Search code examples
cheadername-conflict

Is it potentially problematic to #include files after user-defined tokens?


Due to the way a the preprocessor works, an included header file can be affected by the file including the header. For example, you can may break C just by using:

#define printf
#include <stdio.h>
/*  extern int printf(const char *const restrict format, ...);
    Becomes
    extern int (const char *const restrict format, ...);
    And this results in an instant syntax error */

However, I am concerned that any random user-defined identifier could potentially break a header file of a particular implementation in a similar way. But one could expect that library header files never break each other because then the C implementation altogether would be broken and thus non-conforming. As such, I have been careful to always keep library headers at the top:

#include <stdio.h>
#include <somelibrary.h>

#define some_macro
typedef some_type some_other_type;

And not:

#define some_macro
typedef some_type some_other_type;

#include <stdio.h>
#include <somelibrary.h>

Because if either libraries happen to contain the tokens some_macro or some_other_type they could break.

Are these concerns warranted? Or is C required that the number of tokens that can 'break' library headers be limited in some way to only the user-visible ones defined by the header?


Solution

  • I am concerned that any random user-defined identifier ...

    C has the concept of reserved identifiers(bolding mine):

    Each header declares or defines all identifiers listed in its associated subclause, and optionally declares or defines identifiers listed in its associated future library directions subclause and identifiers which are always reserved either for any use or for use as file scope identifiers.

    and

    If the program declares or defines an identifier in a context in which it is reserved (other than as allowed by 7.1.4), or defines a reserved identifier as a macro name, the behavior is undefined.

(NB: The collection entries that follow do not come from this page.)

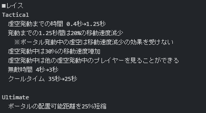 APEXパッチノート:キャラ編 パッシブがほぼリワーク ・ライフライン buff ・オクタン ・レヴナント ・クリプト ・ミラージュ ・ライフライン nerf ・ジブラルタル ・コースティック ・レイス buff/nerf 両方有 ・ローバ ・ワットソン
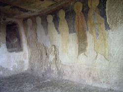 イヴァノヴォの岩窟教会群は、北ブルガリア、ドナウ川沿いのルセ市18km南に、 イヴァノヴォ村に近くにある。他のブルガリアの岩窟教会と違って、フレスコ画が よく保存されている。岩を刳り貫いて作られた聖堂などの建造物群は大きな修道院を成している。 この地方の洞窟群には、後のブルガリア正教会総主教ヨアキムが居を 定めた1320年代以降17世紀まで、修道士たちが住むようになっていた。 彼らは、僧房、教会群、礼拝堂などを硬い岩から切り出しており、修道院建造物群 はおよそ40もの教会群を頂点に戴いていた。その周りには、他の宗教施設用地が 300ほどあったが、そのほとんどは現存していない。修道院の建築物群の名声は、 その多くを13世紀から14世紀にかけてのフレスコ画に負っている。それらは 教会群の内の5つの教会に保存されており、中世ブルガリア美術の傑作として評価されている。
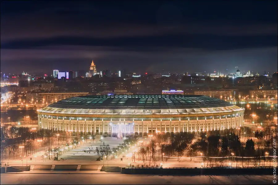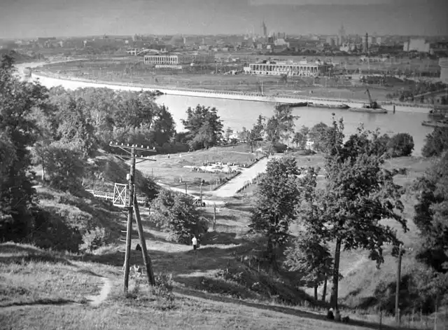 Лужники, вид с Воробьевых гор. Как мало было тогда растительности.
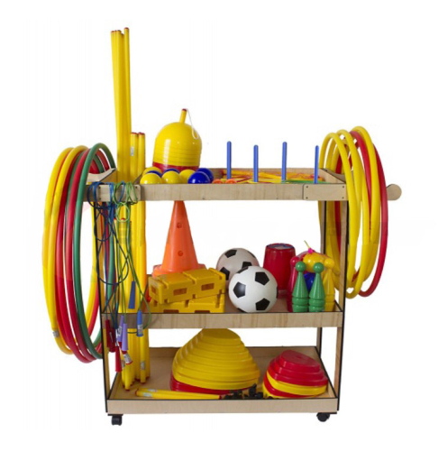 Набор предназначен для применения в детских и школьных спортивных залах. Благодаря удобным колесам и двум ручкам тележку легко перемещать по помещению. Специальное отделение предусмотрено даже для хранения гимнастических палок. Ручки тележки идеально подходят для размещения скакалок и обручей.
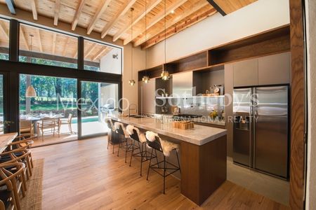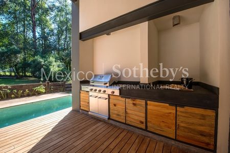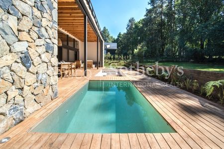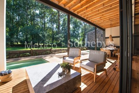Imponente casa de fin de semana ubicada en un terreno de 925m2 en una de las partes más nuevas de Rancho Avándaro. Con su directa conexión al campo de golf y su triple fairway justo entre los hoyos 5 y 6, el jardín privado se abre completamente a la naturaleza y la arquitectura aprovecha al 100% el sol en una orientación de por sí privilegiada por su ubicación dentro de una de las zonas mejor iluminadas y más cálidas del conjunto. Gracias a esto, la casa se mantiene iluminada a lo largo de todo el día y las recámaras en planta alta conservan toda esa energía solar para mantener una temperatura confortable durante la noche que es justo cuando en el exterior el clima es mucho más frío.
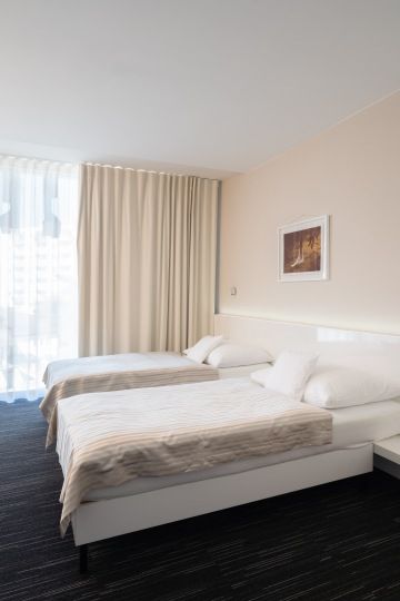 Nabízíme ubytování v 19 pokojích s celkovou kapacitou 40 lůžek. Je možno ji rozšířit o 3 přistýlky. Ve všech hotelových pokojích je kladen důraz na vysoký standard pobytu a originální interierový design. Pokoje byly navrženy tak, aby spojovaly funkčnost s nejvyšším pocitovým komfortem. Každý pokoj je vybaven minibarem, trezorem, LED TV, nábytkem vyrobeným na míru, přestavitelnými lůžky se zdravotními matracemi , vysokorychlostním připojení WiFi zdarma a ekologickým systémem chlazení i vytápění. Přístup do pokojů je prostřednictvím bezpečností elektronické karty. Klid v každém pokoji je zabezpečen širokými stěnami, zesílenými dveřmi, kvalitními okny i hlukovými izolacemi vodorovných konstrukcí v každém pokoji. Mysleli jsme na to již při projektování celé stavby.
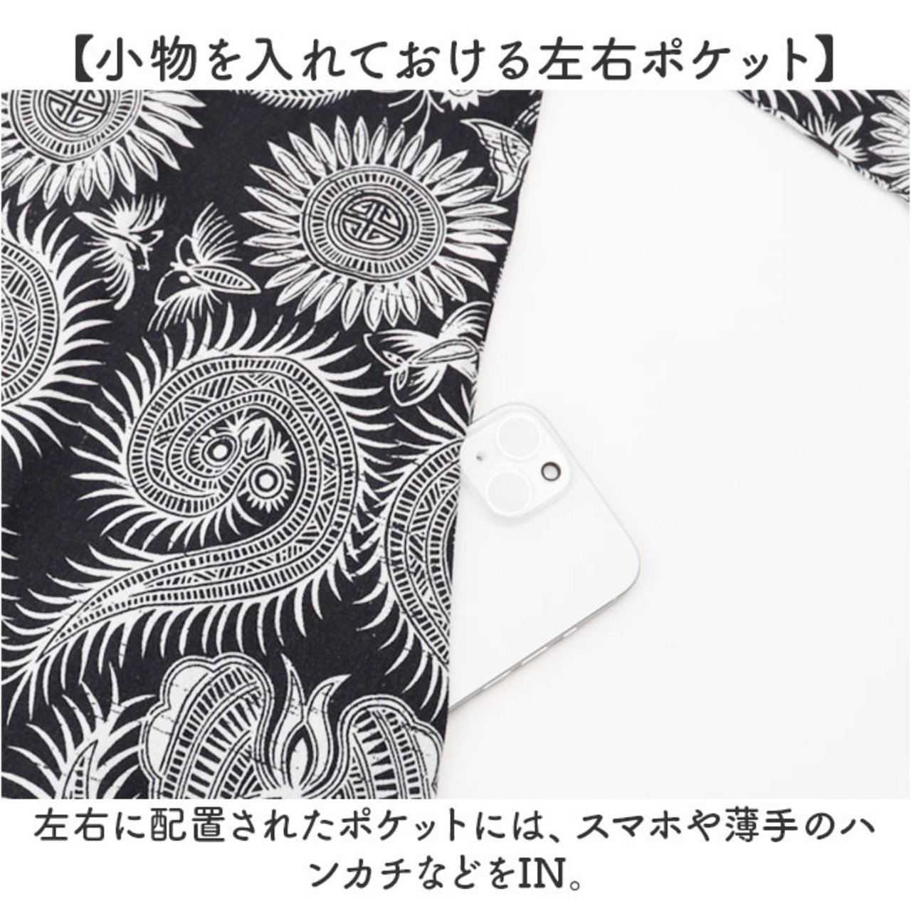 ・左右に配置されたポケットには、スマホや薄手のハンカチなどをIN。
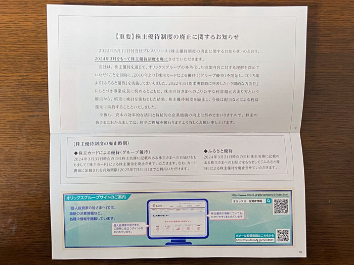 ・・・ですがカタログギフトを含めこの「優待カード」も2024年3月をもって廃止だそうです。

    The identifiers C reserves are identified by the C standard.

    Additionally, platforms such as POSIX reserve additional identifiers, and Windows does too - some of which can be found here - but there are a lot more identifiers reserved by Windows.

    Note the second quote above, especially the bolded part:

    If the program declares or defines an identifier in a context in which it is reserved (other than as allowed by 7.1.4), or defines a reserved identifier as a macro name, the behavior is undefined.

    Yes, you can and will break your program if you use a reserved identifier.

    The fix: don't do it.

    For example, this is a reserved identifier:

    __SOMETHING.

    It starts with a double underscore, so it's a reserved identifier. Don't do that.

    This is also a reserved identifier under POSIX:

    something_t

    It ends with _t, which is reserved under POSIX. Don't do that. (Lots of people break this one, and sometimes they run into problems later. Don't rely on your _t identifier being collision-safe.)

    At file scope, this is a reserved identifier:

    static int _count;

    It starts with an underscore. That's a reserved identifier at file scope. Don't to that. (Same here - lots of programmers break this rule and think they get away with it - they're just lucky. Don't make luck a necessary condition for your code to work properly...)

    Lots of programmers use reserved identifiers and don't run into collisions, so they think it's OK to do that. But they open themselves up to collisions and breakage in the future for no good reasons.